[[ Records to process open ]]

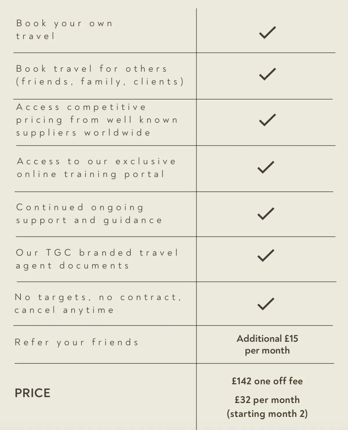 The refer a friend scheme is an ‘add on’, it costs an extra £15 a month. By joining the scheme, you can then share TGC with people you know, so that they can also access competitive pricing and earn commission from booking holidays. It is simple... you love TGC, you share TGC and you get paid weekly and monthly to say thank you for spreading the word!
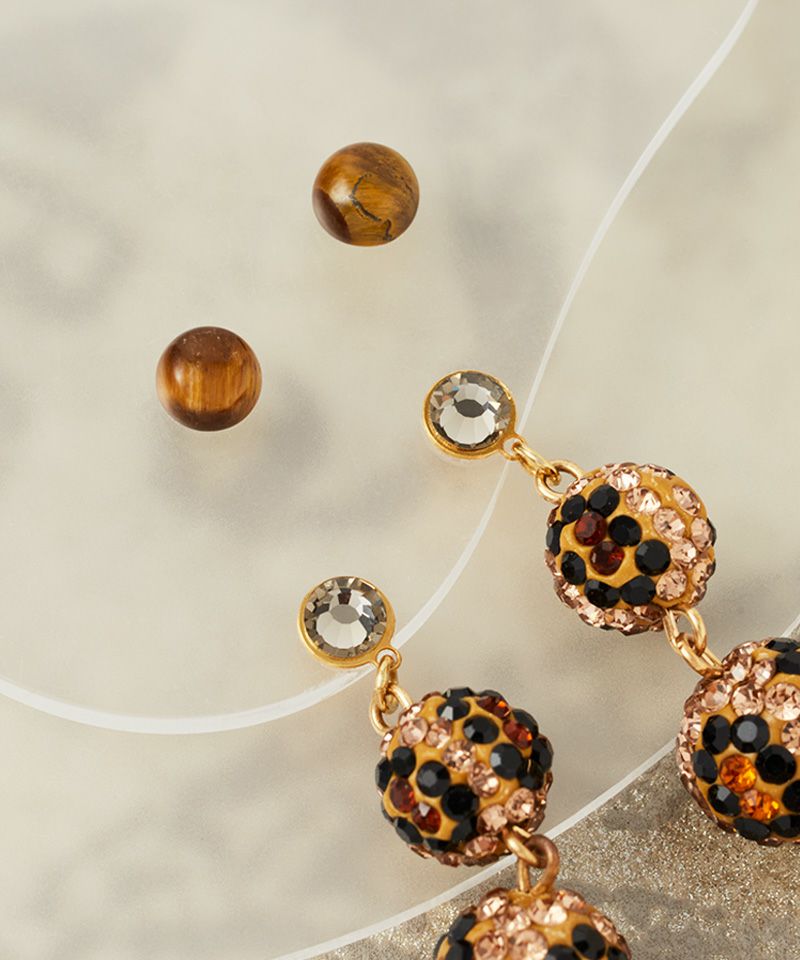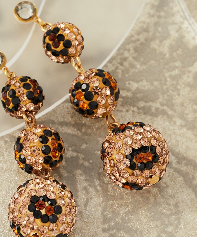 ヒョウ柄のキラキラ輝くボールが連なる、存在感たっぷりのアイテム。
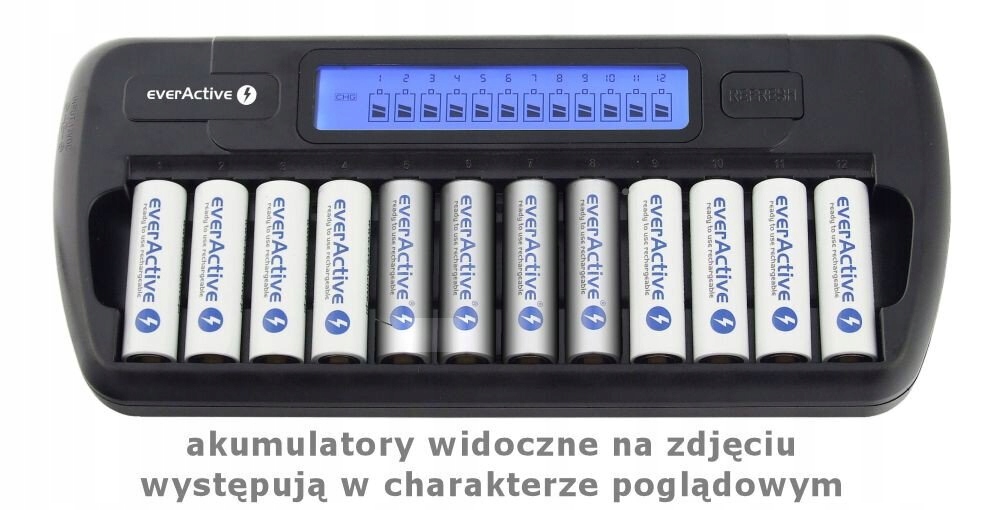 Eveactive NC 1200 зарядний пристрій має 12 незалежні зарядки зарядки до ni-mh у розмірах r6/aa або r03/aaa , кожне посилання завантажується індивідуально. Це нове на польському ринку, використовуючи найсучаснішу технологію.
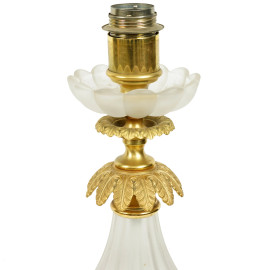 Coppia di lampade da tavolo in vetro satinato, con montature in metallo dorato, XX secolo, cm h 53
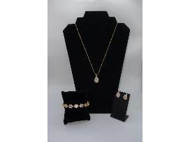 Matching Jewelry Set: A radiant necklace, bracelet, and earrings featuring shimmering crystals in a delicate floral-inspired design, set in gold for a timeless touch of luxury.
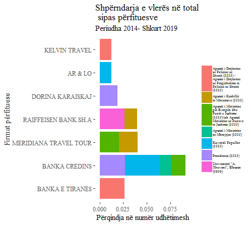 Rreth 10 firma kanë qenë përfituesit kryesorë të fondeve të shtetit, me rreth 80% të të gjitha shpenzimeve për udhëtime. Më poshtë përfituesit e preferuar sipas institucioneve buxhetore.
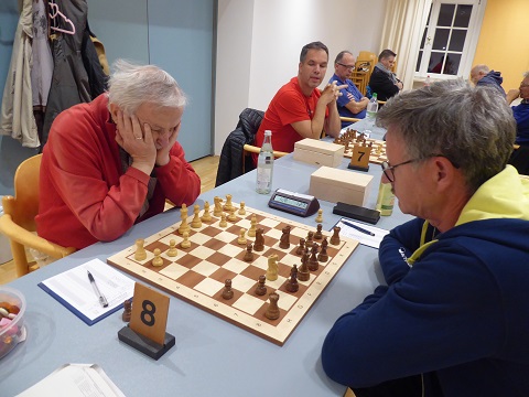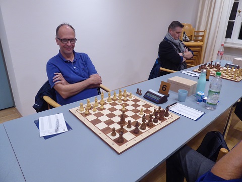 Eine Eröffnungsvariante, auf deren trickreiche Anwendung er „seit 20 Jahren“ gewartet hatte, spielte Dieter überraschend angriffslustig an Brett 8 (Weiß). Er opferte einen Springer auf f7 und erhielt dafür tempostarke Drohungen mit schließlicher Rückeroberung der Figur. Seine zwei resultierenden Mehrbauern verwertete er im Turmendspiel mit lehrbuchartiger Abschneidung des gegnerischen Königs. 2,5:0,5.
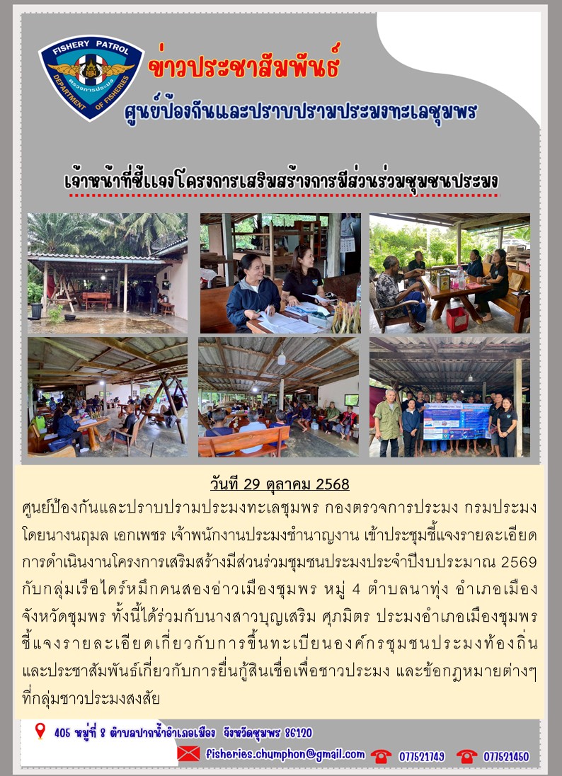 ศูนย์ป้องกันและปราบปรามประมงทะเลชุมพร กองตรวจการประมง กรมประมง โดยนางนฤมล เอกเพชร เจ้าพนักงานประมงชำนาญงาน เข้าประชุมชี้แจงรายละเอียดการดำเนินงานโครงการเสริมสร้างมีส่วนร่วมชุมชนประมงประจำปีงบประมาณ 2569 กับกลุ่มเรือไดร์หมึกคนสองอ่าวเมืองชุมพร หมู่ 4 ตำบลนาทุ่ง อำเภอเมือง จังหวัดชุมพร ทั้งนี้ได้ร่วมกับนางสาวบุญเสริม ศุภมิตร ประมงอำเภอเมืองชุมพร ชี้แจงรายละเอียดเกี่ยวกับการขึ้นทะเบียนองค์กรชุมชนประมงท้องถิ่น และประชาสัมพันธ์เกี่ยวกับการยื่นกู้สินเชื่อเพื่อชาวประมง และข้อกฎหมายต่างๆที่กลุ่มชาวประมงสงสัย
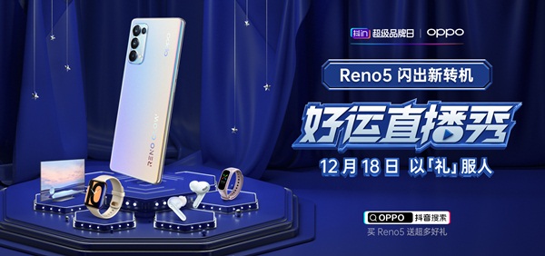 OPPO联合"抖in超级品牌日"完成抖音站内整合营销事件--「Reno5闪出新转机好运直播秀」。
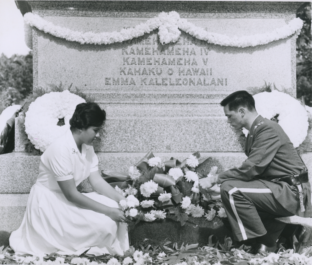 Kamehameha Schools haumāna Hattie Yonting and William Blaisdell place ho‘okupu on Pauahi’s grave site in 1962.
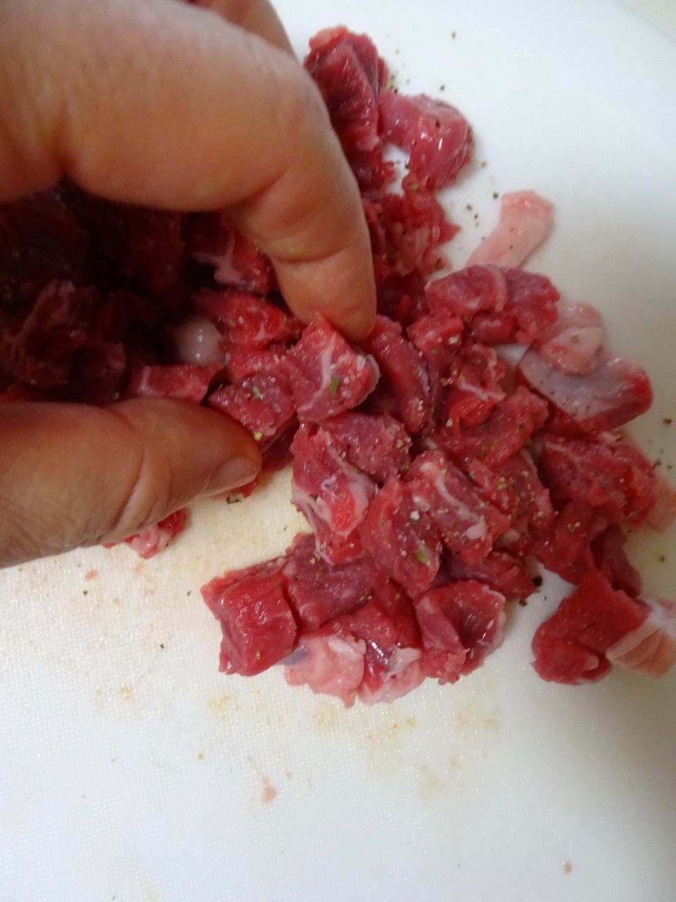 【下準備】牛ステーキ肉は粗めのみじん切りにしてハーブソルトをまぶして揉み込む。ドライいちじく、玉ねぎ、ニンニクはみじん切りにする。

[[ Records to process closed ]]

What the task asks:
Look above for the line containing "ヒョウ柄のキラキラ輝くボールが連なる、存在感たっぷりのアイテム。", then copy exactly from it through the line containing "Rreth 10 firma", keeping both and leaving out pictures. Add nothing else.

Completed exercise:
 ヒョウ柄のキラキラ輝くボールが連なる、存在感たっぷりのアイテム。
 Eveactive NC 1200 зарядний пристрій має 12 незалежні зарядки зарядки до ni-mh у розмірах r6/aa або r03/aaa , кожне посилання завантажується індивідуально. Це нове на польському ринку, використовуючи найсучаснішу технологію.
 Coppia di lampade da tavolo in vetro satinato, con montature in metallo dorato, XX secolo, cm h 53
 Matching Jewelry Set: A radiant necklace, bracelet, and earrings featuring shimmering crystals in a delicate floral-inspired design, set in gold for a timeless touch of luxury.
 Rreth 10 firma kanë qenë përfituesit kryesorë të fondeve të shtetit, me rreth 80% të të gjitha shpenzimeve për udhëtime. Më poshtë përfituesit e preferuar sipas institucioneve buxhetore.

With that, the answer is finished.